> [Dataset extract]:
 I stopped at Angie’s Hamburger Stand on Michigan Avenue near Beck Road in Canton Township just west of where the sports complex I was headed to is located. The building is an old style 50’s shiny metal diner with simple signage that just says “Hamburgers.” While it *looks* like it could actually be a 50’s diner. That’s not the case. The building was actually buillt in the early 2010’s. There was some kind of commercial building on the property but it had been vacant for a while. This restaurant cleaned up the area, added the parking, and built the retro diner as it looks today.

...

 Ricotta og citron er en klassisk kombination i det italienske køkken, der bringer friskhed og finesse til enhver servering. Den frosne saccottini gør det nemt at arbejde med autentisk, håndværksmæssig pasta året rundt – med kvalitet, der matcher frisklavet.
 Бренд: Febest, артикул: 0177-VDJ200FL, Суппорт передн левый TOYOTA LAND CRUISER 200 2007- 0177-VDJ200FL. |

> [Task]: Out of the listing above, reproduce exactly the lines from the one with "Ricotta og citron" up to and including the one with "Бренд: Febest, артикул: 0177-VDJ200FL, Суппорт".

> [Written response]:
 Ricotta og citron er en klassisk kombination i det italienske køkken, der bringer friskhed og finesse til enhver servering. Den frosne saccottini gør det nemt at arbejde med autentisk, håndværksmæssig pasta året rundt – med kvalitet, der matcher frisklavet.
 Бренд: Febest, артикул: 0177-VDJ200FL, Суппорт передн левый TOYOTA LAND CRUISER 200 2007- 0177-VDJ200FL. |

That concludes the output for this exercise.